While Brexit has not yet
had a sizeable impact on the Mid Sussex housing market, my analysis is pointing
to the fact that the economic viewpoint still remains uncertain and Mid Sussex property
price growth is likely to be more subdued in 2017 - although that isn’t a bad
thing so let me explain.
Since the summer, apart
from a little wobble of uncertainty a few weeks after the Referendum vote,
property values (and the economy), on the whole has outperformed what most people
were anticipating. In fact, when I looked at the property prices for our Mid
Sussex District Council area, these were the results;
October 2016 - drop of 0.42%
September 2016 - rise of 0.33%
August 2016 - rise of 0.36%
July 2016 - rise of 0.99%
June 2016 - rise of 2.63%.
The UK property market continues
to perform robustly (because we can’t just look at Mid Sussex as if in its own
little bubble) with annual price growth set to end this year at 6.91% and most South
East region property market at 9.1%.
Talking to fellow agents
in London, the significant tidal wave of growth seen from 2013 through to 2015
in the capital has subdued over the last six months.
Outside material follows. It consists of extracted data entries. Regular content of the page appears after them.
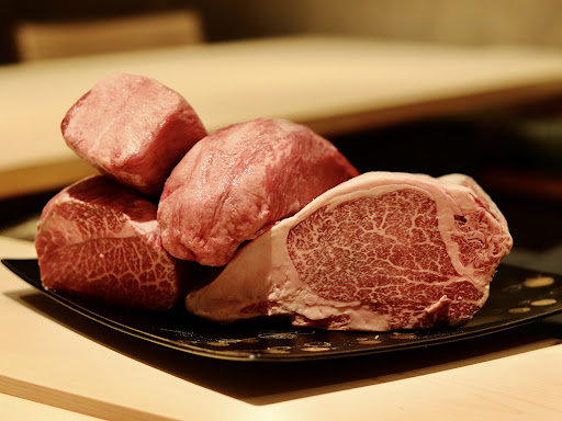 éœäŒã®å§éšããå°ãå€ããééãªæ°å¯çºã®è·¯å°è£ã«åºãæ§ããã2022幎6æã«ãªãŒãã³ãWAGYU USHITOMI GINZAãã§ã¯ã黿¯åçã«åå£ã®ç§»ãããç¹ã亀ããèå²ç¹ã楜ãããã
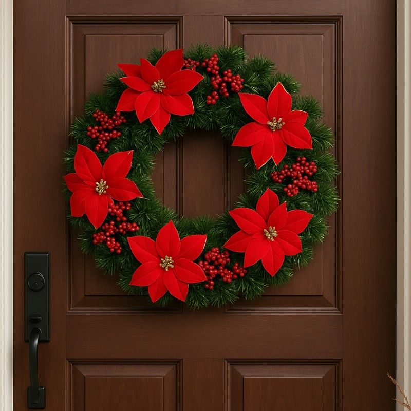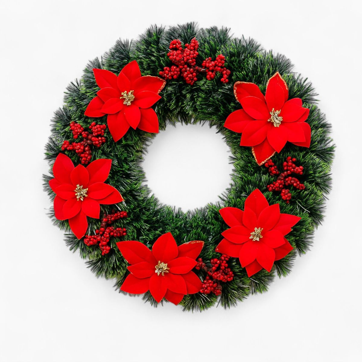 Această coroniță decorativă de Crăciun, cu diametrul de 38 cm, este un ornament elegant și tradițional care aduce farmecul autentic al sărbătorilor în orice spațiu.
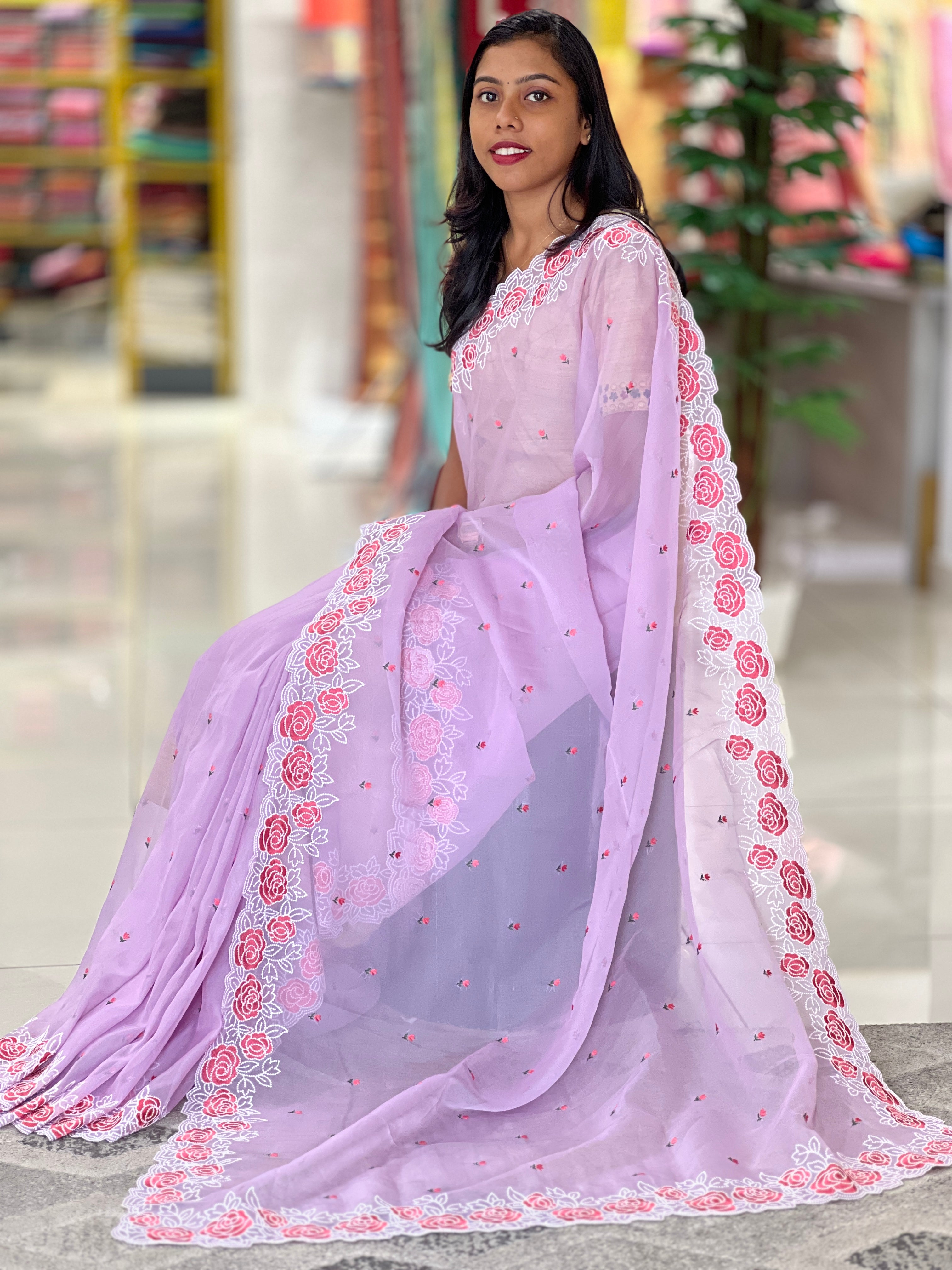 - Style: Machine Point Embroidery Detailing, Floral Pattern, Scattered Floral Buta Detailing, Scallop Edges
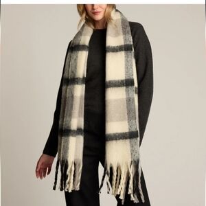 Love & Lore Brushed Fringe Scarf, Greyscale Modern Plaid

However, as that central
London house price wave has started to ripple out, agents are starting to see
stronger property growth values in East Anglia and the South East regions outside
of London, than what is being seen within the M25. So, fellow Mid Sussex
landlords and homeowners, is this the time to get your surfboards ready for the
London wave?
Well, we in Mid Sussex
haven’t really been affected by what is happening in the central London
property mega bubble (i.e. Kensington, Chelsea, Marylebone, Mayfair etc.). The
property market locally is more driven by sentiment, especially the ‘C’ word,
confidence. The main forces for a weaker Mid Sussex Property market relate to
economic uncertainty surrounding the Brexit process, which I believe will
impact unhelpfully on consumer confidence in the run up to and just after the
triggering of Article 50 by the end of Q1 2017.
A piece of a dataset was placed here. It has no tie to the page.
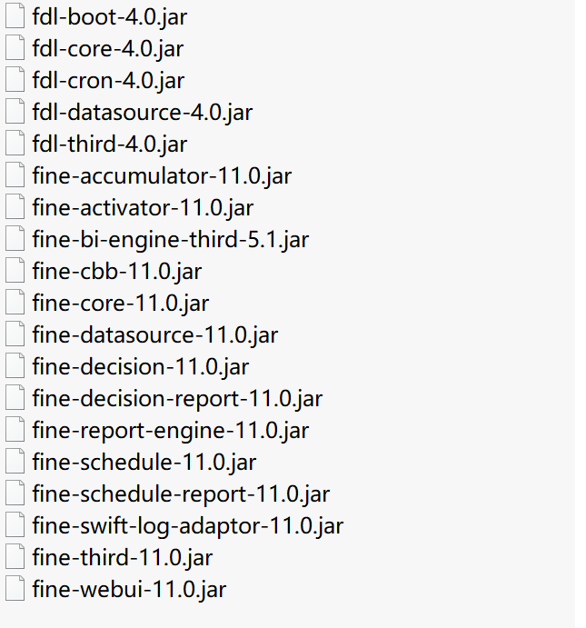 fdl-boot-4.0.jar、fdl-core-4.0.jar、fdl-cron-4.0.jar、fdl-datasource-4.0.jar、fdl-third-4.0.jar、fine-accumulator-11.0.jar、fine-activator-11.0.jar、fine-core-11.0.jar、fine-datasource-11.0.jar、fine-decision-11.0.jar、fine-decision-report-11.0.jar、fine-report-engine-11.0.jar、fine-schedule-11.0.jar、fine-schedule-report-11.0.jar、fine-swift-log-adaptor-11.0.jar、fine-third-11.0.jar、fine-webui-11.0.jar、fine-cbb-11.0.jar、fine-bi-engine-third-5.1.jar

In addition, the influence
of reforms to the taxation of landlords is expected to result in a reduced
demand from buy to let landlords, which will limit upward pressure on property
values. However, on the other side of the coin, demand from tenants has been
strong, but this has been counterbalanced by a strong supply of rental
properties. In my opinion, there is a slight risk of rents not growing as much
in 2017 as they have in 2016, but by 2018 they will rise again to counteract
Philip Hammond’s changes to tenant fees.
The broader Mid Sussex
rental market looks relatively positive with modest rental growth expected and
rents might rise further if landlords begin to sell properties in an effort to
offset to the impact of tax rises.
So what do I predict will happen to the
Mid Sussex housing market in 2017? In Mid
Sussex, I believe price values are expected to fall by 2.3% in 2017 compared to
a rise of 10.23% last year, then pick up to growth of 1.9% in 2018, 3.1% in
2019, then 4.2% in 2020 and 6.5% in 2021.